# Loginnamen in der Webadresse



## Hattrix (3. Mai 2007)

Hallo,

ich hatte irgendwo mal gelesen, dass man bei GMX usw. sein Loginnamen in der Webadresse dazu schreiben kann und dann in die Favoriten stecken kann.

Wenn dem so ist, wie macht man das?


----------



## myplex (4. Mai 2007)

Meines Wissens ist das nur indirekt möglich (bitte net hauen wenn ich mich vertan hab xD), weil die Daten per POST weitergegeben werde.
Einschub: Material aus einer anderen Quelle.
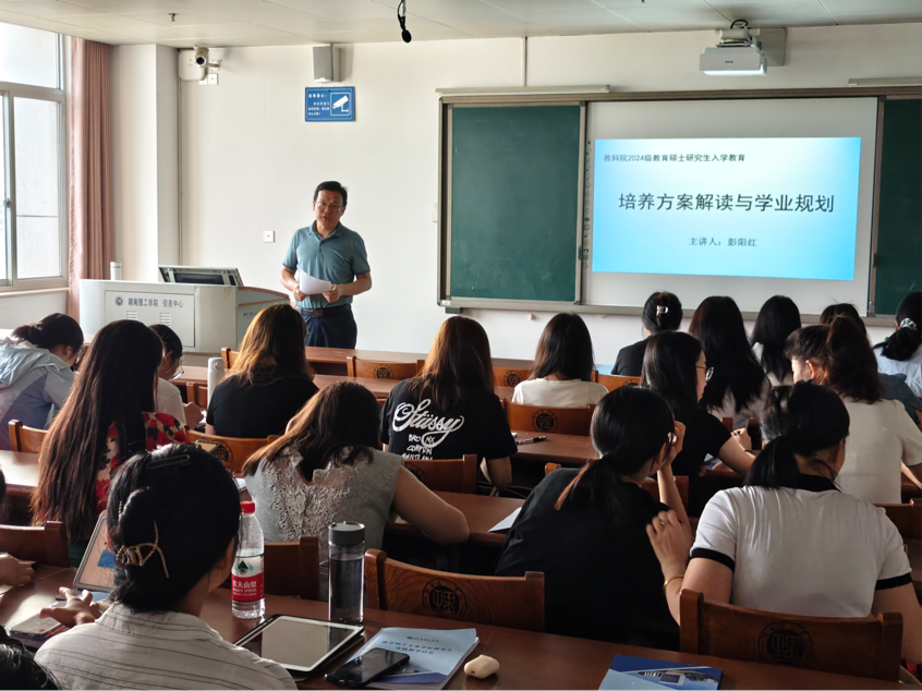 2024年9月14日上午8点,教育科学学院2024级研究生新生入学教育在12号教学楼12506教室进行。主持行政工作的彭阳红副院长给新生解读培养方案及学业规划。2024级全体研究生参加。
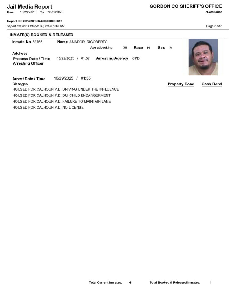 HomeArrest ReportsGordon County Arrest Report 10/30/2025Gordon County Arrest Report 10/30/2025Thu, October 30, 2025SHARE NOW ×❮❯
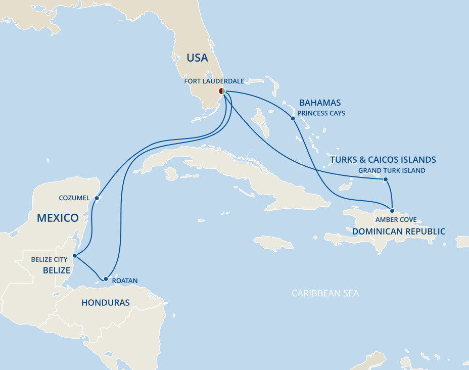 Princess Cays is an exclusive port of call to Princess cruises. This private resort is situated on more than 40 acres and features over a half-mile of white-sand shoreline, all at the southern tip of Eleuthera island. Ships will anchor offshore and tenders are provided to the shore.
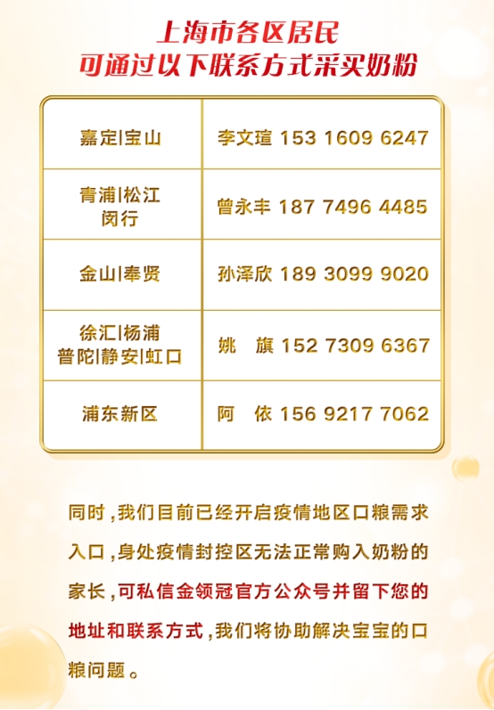 除此之外,金领冠还在政府公众号“上海发布”发布送货上门公告,逆行送“粮”,解决宝宝家庭的燃眉之急。
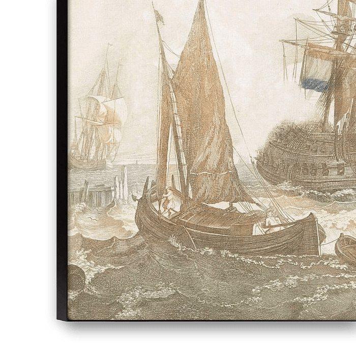 Buy View of the IJ with the East India Sea-warehouse and the Oosterkerk, Johan Teyler as a reproduction on canvas, ArtFrame, poster and wallpaper, printed on demand in high quality.

Bei der GET - Methode wäre es möglich indem man z.B. die Seite so aufruft: blabla.php?login="Hattrix".......
du könntest allerdings ein kleines Script in PHP schreiben, dass dich automatisch einloggt und auf die richtige Seite weiterleitet. Dieses lädst du dann auf einen Webserver mit PHP unterstützung. 
Zum absichern das kein anderer sich so bei dir einlogen kann bau eine Passwortabfrage in das Script ein und übergib das Passwort via GET. dann kannst du einen Link (inkl. Passwort) zum Script in den Lesezeichen speichern. Ich muss aber dazu sagen das es nicht wirklich viel Sicherheit bietet.


----------